Software Citation and Identifier

WhereAreCI Citations.LE Processing.png

(CI_Citation + MD_Identifier) + description + scaleDenominator + sourceReferenceSystem + sourceExtent + processedLevel + resolution + sourceStep = LE_Source

/gmi:MI_Metadata/gmd:dataQualityInfo/gmd:MD_DataQuality /gmd:lineage/gmd:LE_Lineage/gmd:processStep /gmd:LE_ProcessStep/gmd:processingInformation /gmd:LE_Processing /gmd:softwareReference

Operation Citation and Identifier

WhereAreCI CitationMI Identifiers.MI Operation.png

(CI_Citation + MD_Identifier) + description + status + type = MI_Operation

/gmi:MI_Metadata/gmd:acquisitionInformation /gmi:MI_AcquisitionInformation/gmi:operation /gmi:MI_Operation/gmi:citation

Instrument Citation and Identifier

WhereAreCI CitationMI Identifiers.MI Instrument.png

(CI_Citation + MD_Identifier) + description + type = MI_Instrument

/gmi:MI_Metadata/gmd:acquisitionInformation /gmi:MI_AcquisitionInformation /gmi:instrument/gmi:MI_Instrument/gmi:citation

Platform Citation and Identifier

WhereAreCI CitationMI Identifiers.MI Platform.png

(CI_Citation + MD_Identifier) + description + sponsor = MI_Platform

/gmi:MI_Metadata/gmd:acquisitionInformation /gmi:MI_AcquisitionInformation /gmi:platform/gmi:MI_Platform/gmi:citation

Requirement Citation and Identifier

WhereAreCI CitationMI Identifiers.MI Requirement.png

(CI_Citation + MD_Identifier) + requestor + recipient + priority = MI_Requirement

/gmi:MI_Metadata/gmd:acquisitionInformation /gmi:MI_AcquisitionInformation /gmi:requirement/gmi:MI_Requirement/gmi:citation

fileIdentifiers and parentIdentifiers

One of the ironic aspects of the ISO 19115 is that the identifiers for metadata records (/gmi:MI_Metadata/gmd:fileIdentifier/gmd:characterString and /gmi:MI_Metadata/gmd:parentIdentifier/gmd:characterString) are characterStrings rather than MI_Identifiers. In order to help ensure uniqueness these strings should include a namespace and a code guarenteed to be unique in that namespace. For example:

<gmd:fileIdentifier>
<gco:CharacterString>gov.noaa.class:AERO100</gco:CharacterString>
</gmd:fileIdentifier>.

In this case, gov.noaa.class is a namespace, and AERO100 is a code guaranteed to be unique in that namespace. In this case, the code is meaningful to the data provider. Creating meaningful identifiers that are unique over a large collection can many times be difficult. It might make sense to consider using UUIDs for file names and identifiers, although this takes some getting used to.

The upcoming revision of ISO 19115 changes the type of fileIdentifiers and parentIdentifiers to MD_Identifiers, see Structure section above.

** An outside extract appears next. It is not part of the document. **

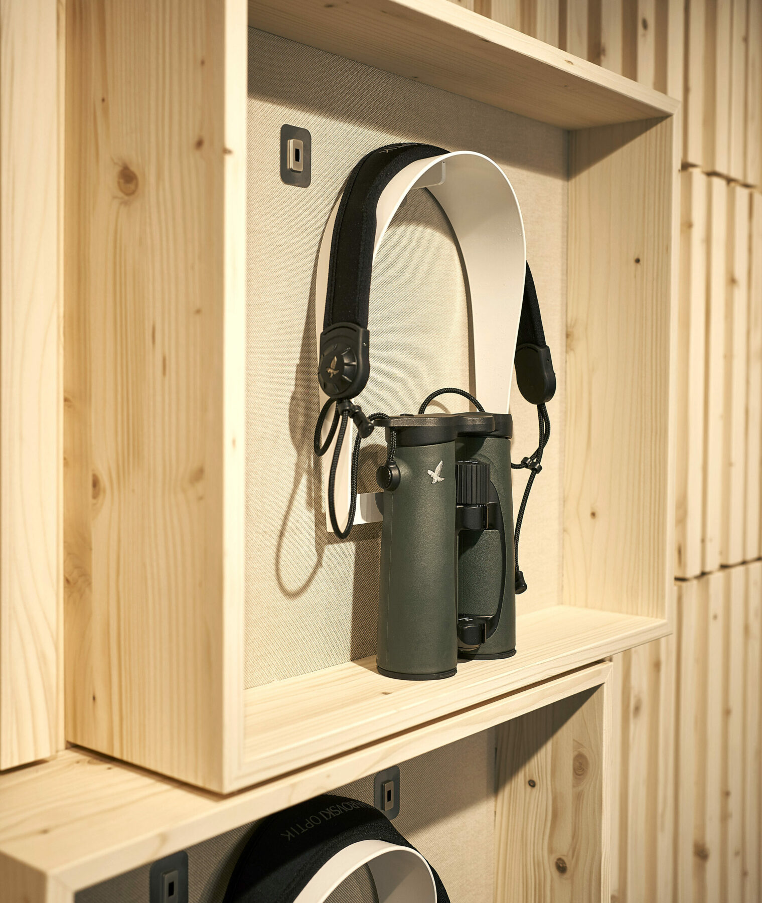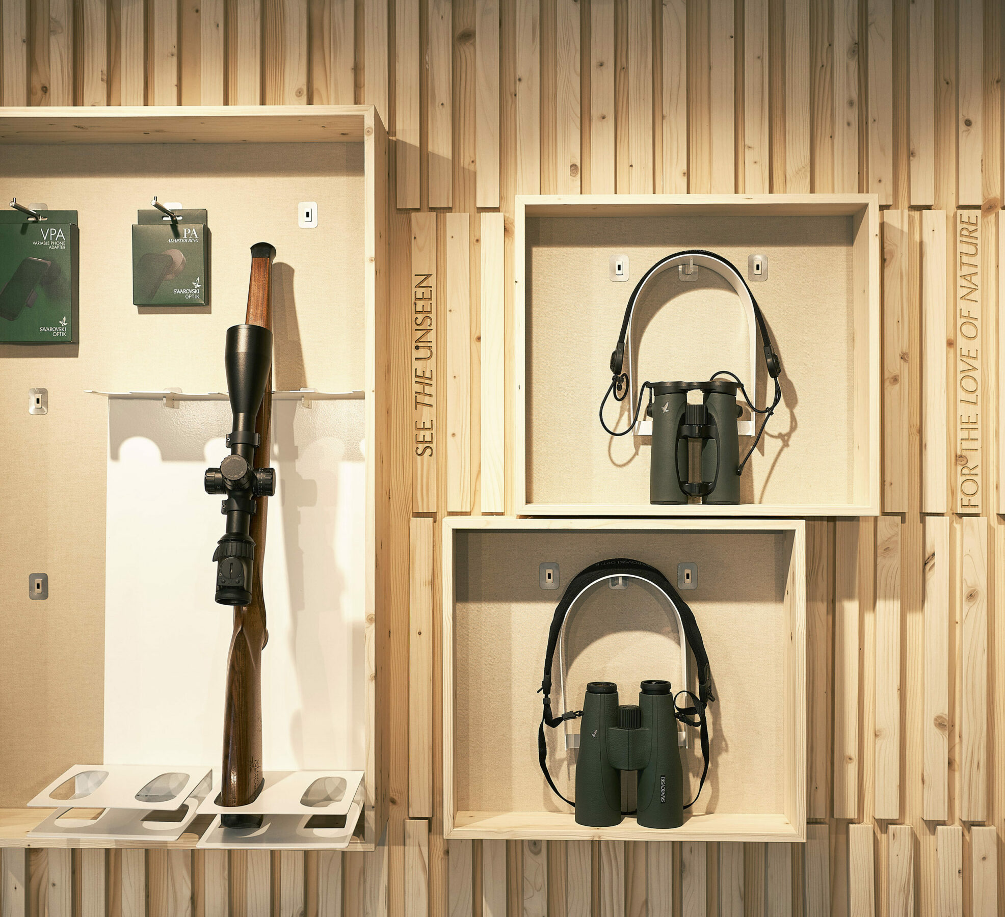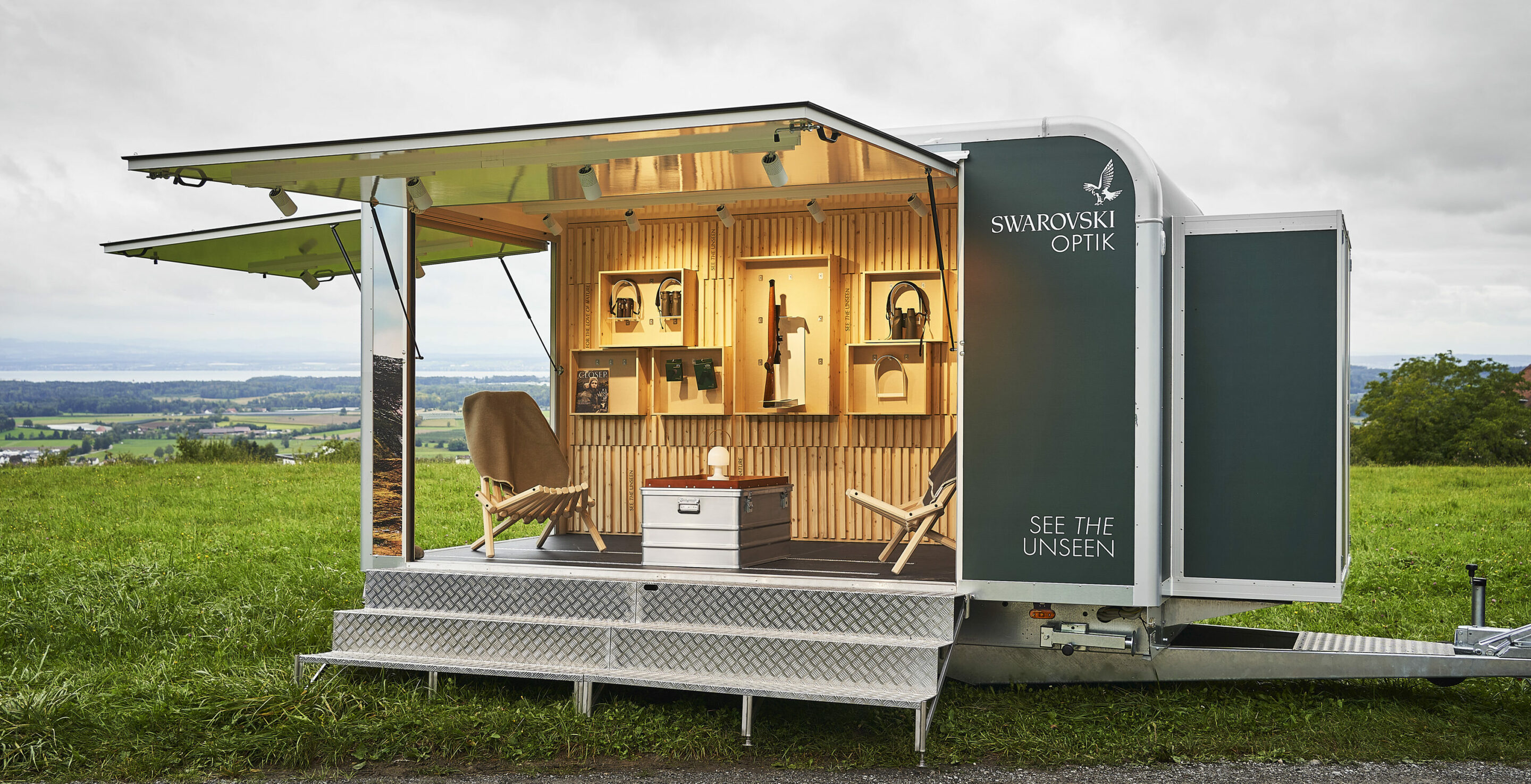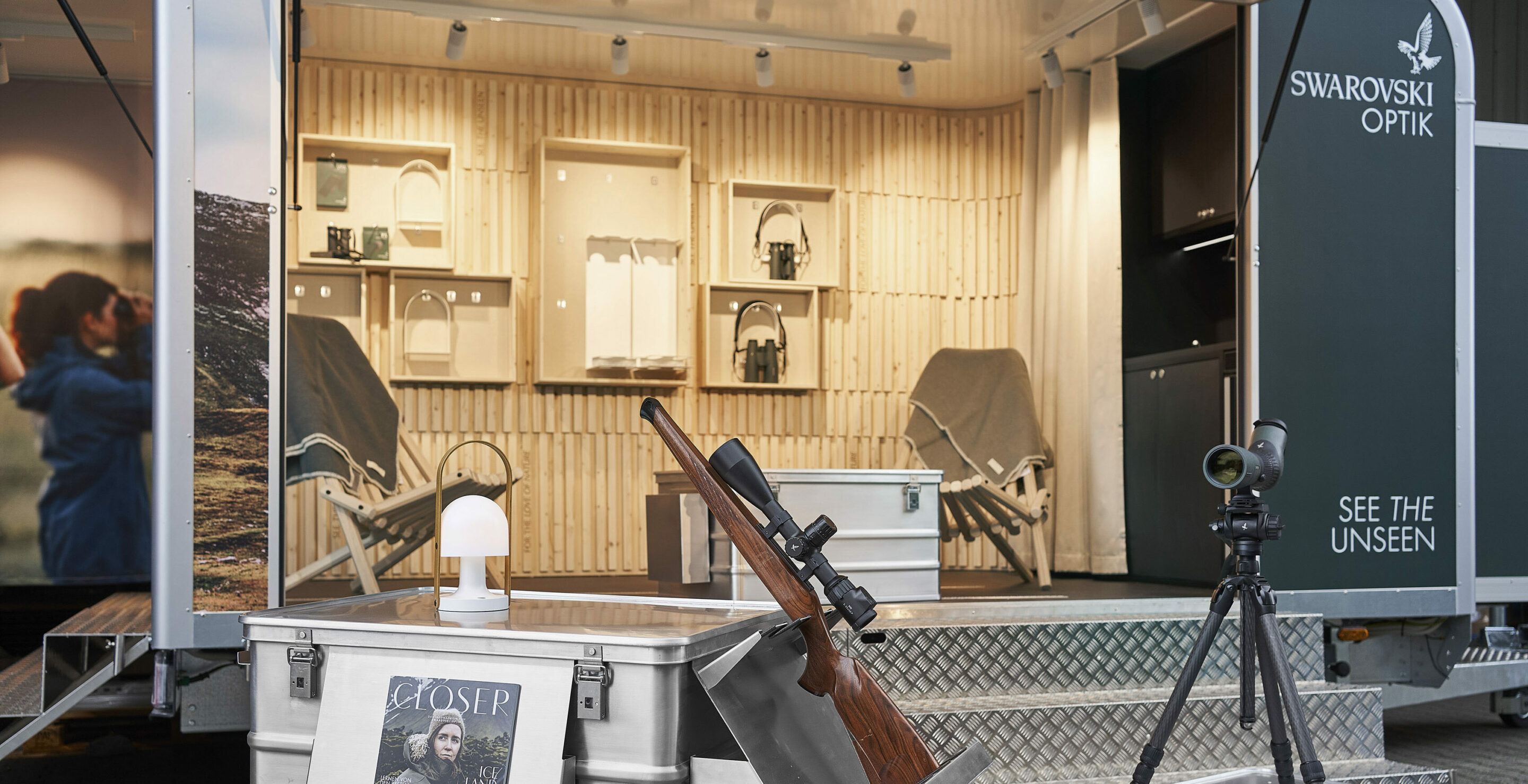 Damit geht das Unternehmen aus Tirol einen neuen Weg und zeigt die Ferngläser, Teleskope, Stative & Co. dort, wo sie auch zum Einsatz kommen: in der Natur. Und die skandinavischen Länder bieten dafür eine gigantische Kulisse. Der Trailer selbst öffnet sich einladend in das Szenario. Das Nadelholz, die Naturtextilien und die warme Lichtstimmung erinnern eher an eine heimelige Hütte als an einen Verkaufsstand. Wie selbstverständlich fügen sich die Swarovski Produkte in das Interieur ein und wirken in den eigens entwickelten Wandkuben fast wie Kunstwerke. Da möchte man sich einfach in den Sessel schmiegen und – mit einem Jägertee in der Hand – den Blick per Fernglas in die Weite der Landschaft schweifen lassen.

Should the fileIdentifier match the file name? There is no rule in ISO that specifies a relationship between the fileIdentifier and the file name. It is, however, very convenient to have the file name available from within the record, particularly for supporting access to the file name when transforming the XML into HTML.

Managing ISO Metadata in a Database

Including identifiers in ISO metadata records gives metadata creators a mechanism for uniquely identifying metadata records and pieces of those records for the first time. The importance of unique identifiers is well known to people that use relational database management systems, they are the primary keys that identify items and make relationships possible. This is also becoming more important as metadata records are harvested into repositories like Geospatial One-Stop along multiple paths. There is no reliable way to identify duplicate records without an identifier in the actual record.

Serving Metadata With a REST web service

Number of Identifiers

The REST approach to web services is becoming more and more commonplace. The first principle of REST is “Give Everything an ID”. Given this principle, one measure of how “RESTful” a metadata standard might be is the number of id’s that are included in the standard. This compares the number of IDs included in four metadata standards. The original FGDC standard has none, the Directory Interchange Format (DIF) and the FGDC Remote Sensing Extensions (RSE) have one and the ISO 19115(-2) has 36.

These ids make it possible to reference many individual elements in an ISO metadata record directly, so the ISO standard is very compatible with a RESTful approach.